Climate & Environment
- Atmospheric carbon dioxide concentration was approximately 297 parts per million, as later determined by ice core analysis.
- The Great San Francisco Earthquake struck on April 18 with an estimated magnitude of 7.9, rupturing the San Andreas Fault and triggering fires that destroyed over 80 percent of the city.
- A catastrophic typhoon struck Hong Kong on September 18, killing an estimated 10,000 people and sinking thousands of vessels in the harbor.
- Mount Vesuvius erupted violently on April 7-8, destroying the town of Ottaviano and killing over 100 people in the most significant eruption since 1872.
- A devastating earthquake and tsunami struck Valparaíso, Chile, on August 16, killing approximately 3,000 people and destroying much of the port city.
- The Antiquities Act was signed by President Roosevelt on June 8, authorizing the president to designate national monuments to protect historic and natural sites on federal land.
- Devil's Tower in Wyoming became the first designated U.S. National Monument under the Antiquities Act, signed by Roosevelt on September 24.
- Theodore Roosevelt continued his aggressive conservation policies, adding millions of acres to the national forest system during the year.
- Deforestation in the American Midwest and South continued at a rapid pace, prompting growing calls for forest conservation from scientists and civic leaders.
- Severe flooding affected parts of the Yangtze River basin in China, causing significant crop losses and displacing communities along the river.
Culture & Society
- Upton Sinclair published The Jungle in February, exposing the horrific conditions in the American meatpacking industry and galvanizing public support for food safety reform.

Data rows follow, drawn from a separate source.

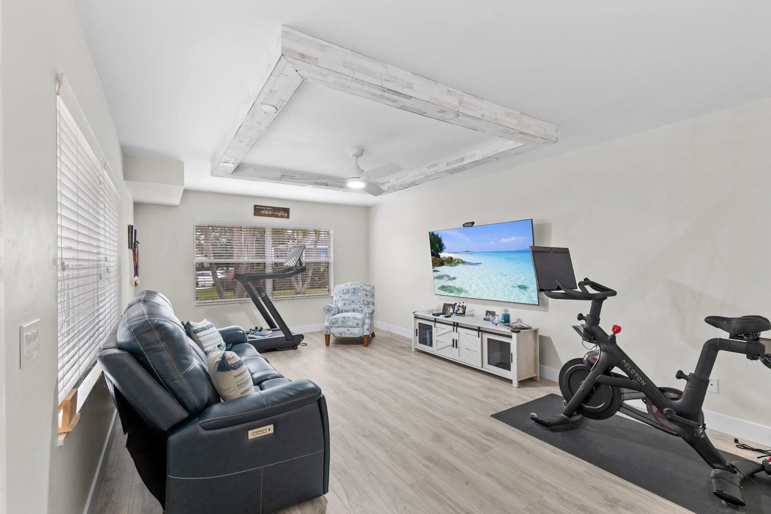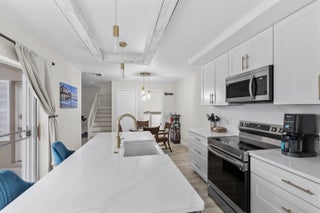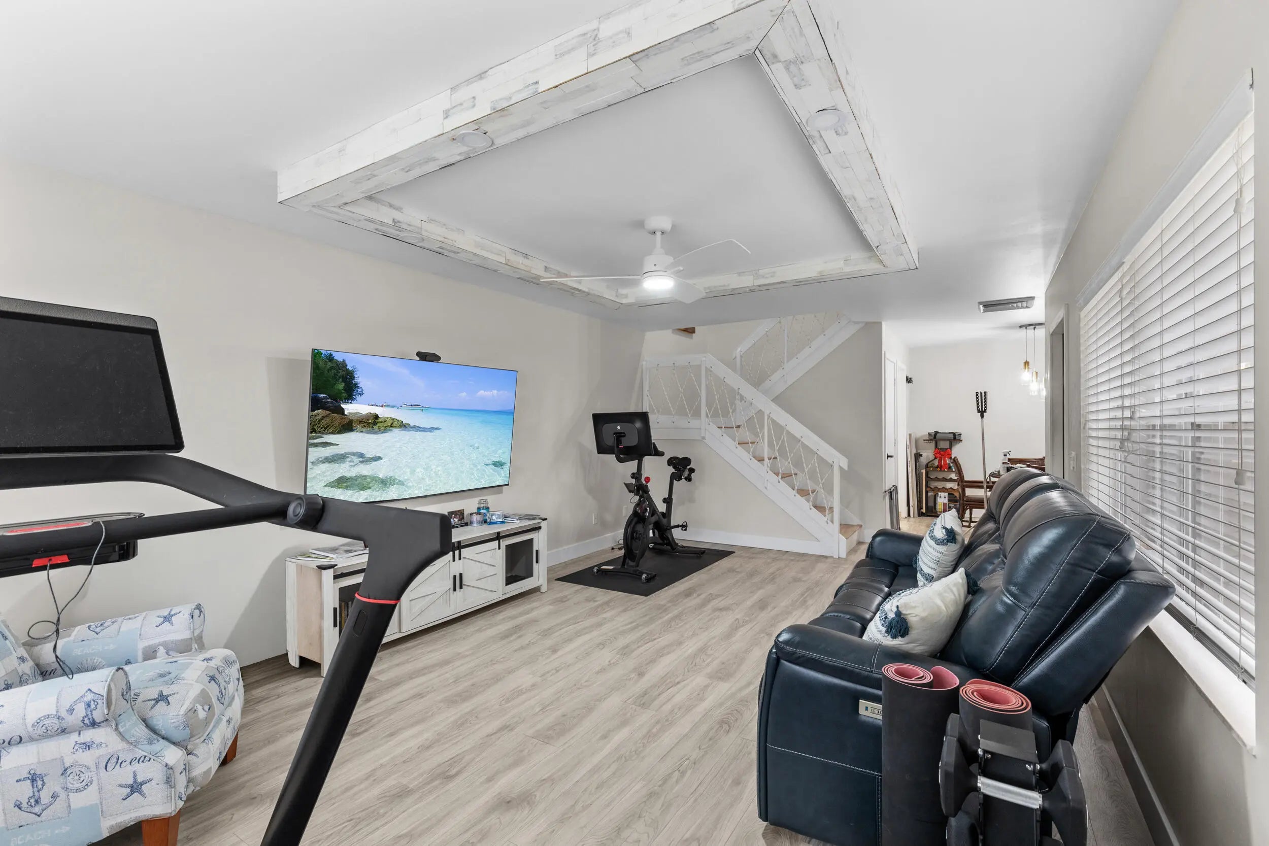 This renovated townhouse has been thoughtfully updated from top to bottom with a fresh, coastal feel. Laminate flooring flows throughout, leading into a bright, open kitchen with quartz countertops, stainless steel appliances, and a redesigned layout with a separate island—perfect for everyday living and easy entertaining. The living room features custom touches like a lowered ceiling for updated electrical, added high-to The living room has been thoughtfully customized with a lowered ceiling to accommodate updated electrical, added high hat lighting, and a ceiling fan, creating a cozy and functional space to relax. Bathrooms have been refreshed with new vanities and flooring. Updated closets feature built-in organization and barn doors, blending smart storage with a relaxed coastal look. Closets are upgraded with built-in organization and barn doors, accordion shutters offer peace of mind, and the big updates are already done—AC 2019 and roof 2018. Bonus: HOA includes wifi and cable and it is close to all shopping and major highways, making life just a little easier. Move-in ready. Well cared for. Easy to love.
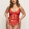 Two piece bustier set. Lace and heart mesh bustier with underwire, front hook and eye, satin ribbon bows, ruffle mesh trim, removable garters, and g-string
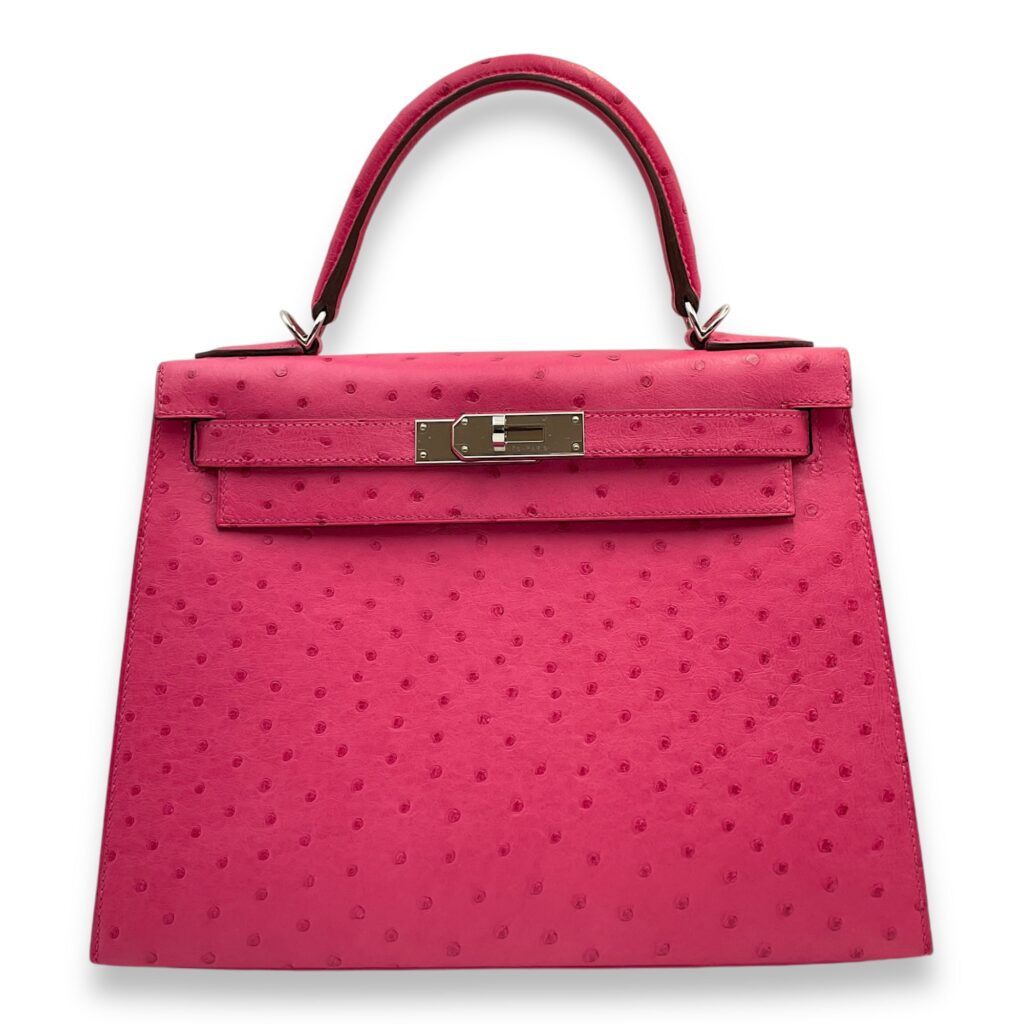 Sellier Kelly 28 Pink in Ostrich, Palladium hardware
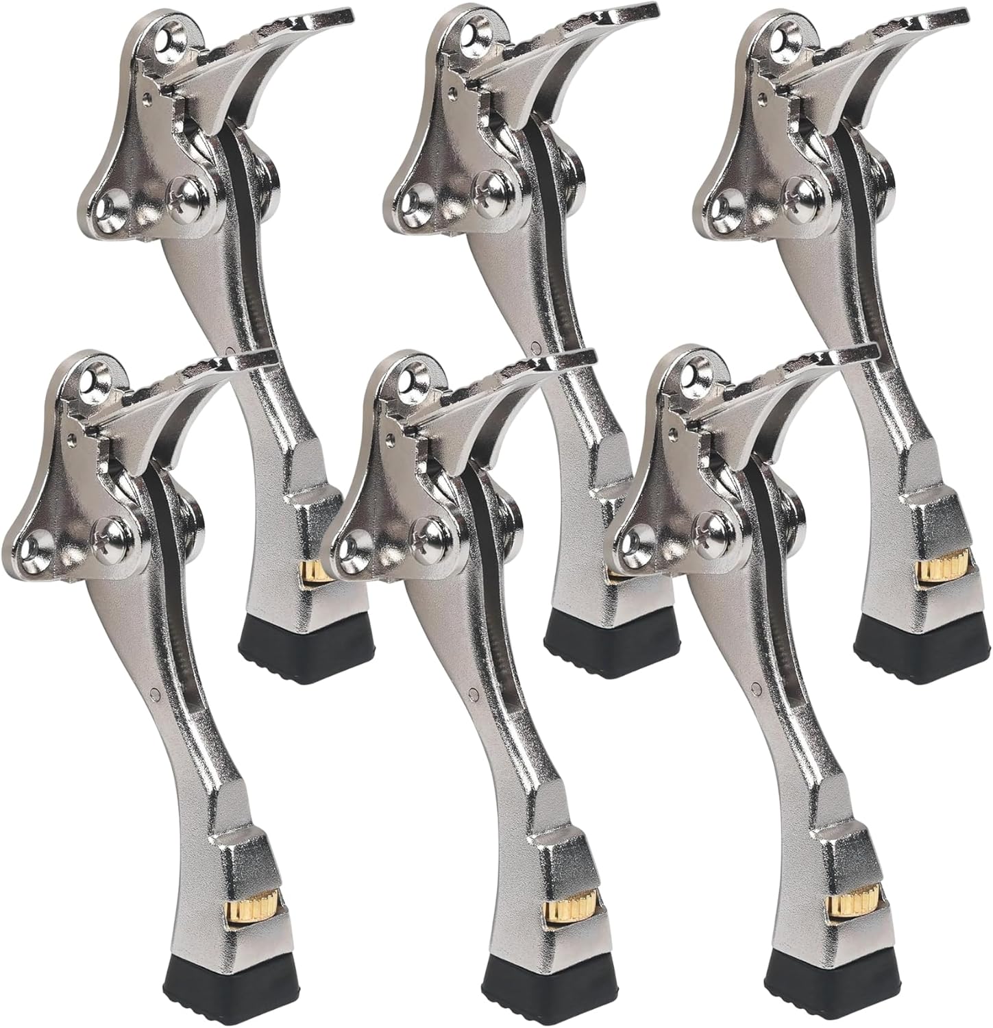 6 Packs Heavy Duty Kickdown Door Stopper, One Touch Adjustable Kickdown Door Stop for Heavy Doors, 4 in Metal Door Kickstand with Rubber Tip & Wall Protectors for Wide Doors
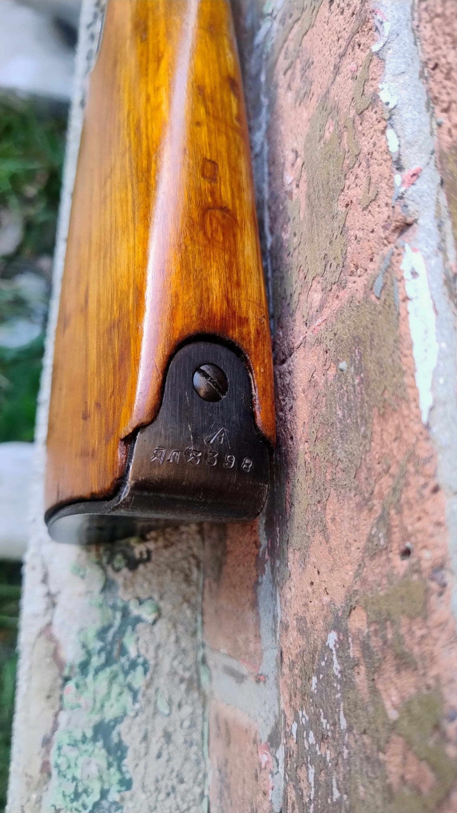 Ostatnia wersja rozwojowa karabinu Mosina 1891/30 wprowadzona w 1944r czyli model 44. Wersja skrócona, ze składanym bagnetem na zawiasie. Broń produkcji sowieckiej powojennej. Stan techniczny bdb, lufa bdb. Całość zgodna numerycznie oprócz zamka (był dozgadniany) i denka magazynka (inny numer).
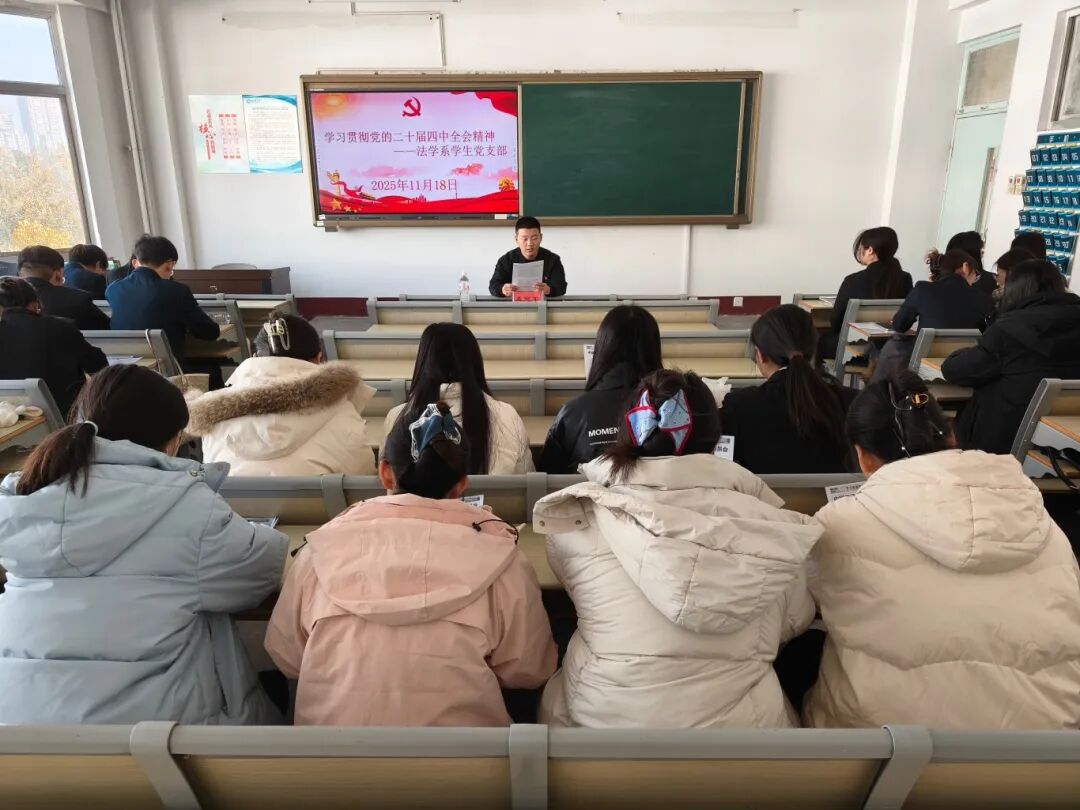 为深入学习贯彻党的二十届四中全会精神,切实将思想和行动统一到全会部署上来,11月18日,成人漫画法学系学生党支部和知识产权系学生党支部分别于西校区10#A529、B507召开学习贯彻党的二十届四中全会精神主题党日活动,法学系学生党支部书记孟冠军、知识产权系学生党支部书记李宁主持活动,各学生党支部全体党员参与专题学习。

- The San Francisco earthquake on April 18 killed approximately 3,000 people and left over 200,000 homeless, devastating one of America's great cities.
- O. Henry (William Sydney Porter) published his short story "The Gift of the Magi" as part of his collection The Four Million, cementing his reputation as a master of the American short story.
- The first radio broadcast of voice and music by Reginald Fessenden on Christmas Eve was heard by radio operators on ships in the Atlantic, demonstrating the potential of wireless communication.
- The Chicago White Sox defeated the Chicago Cubs in the World Series, an all-Chicago matchup that became known as the "Hitless Wonders" series.
- John Galsworthy published The Man of Property, the first novel in The Forsyte Saga, chronicling the lives of an upper-middle-class English family.
- Giosuè Carducci of Italy became the first Italian to receive the Nobel Prize in Literature, recognized for his lyric poetry.
- The Aga Khan III emerged as a prominent leader of India's Muslim community, advocating for separate Muslim political representation within the British colonial system.
- The suffragette movement in Britain intensified as hundreds of women were arrested for demonstrations outside Parliament, drawing international attention to the cause of women's rights.
- The world population was approximately 1.74 billion.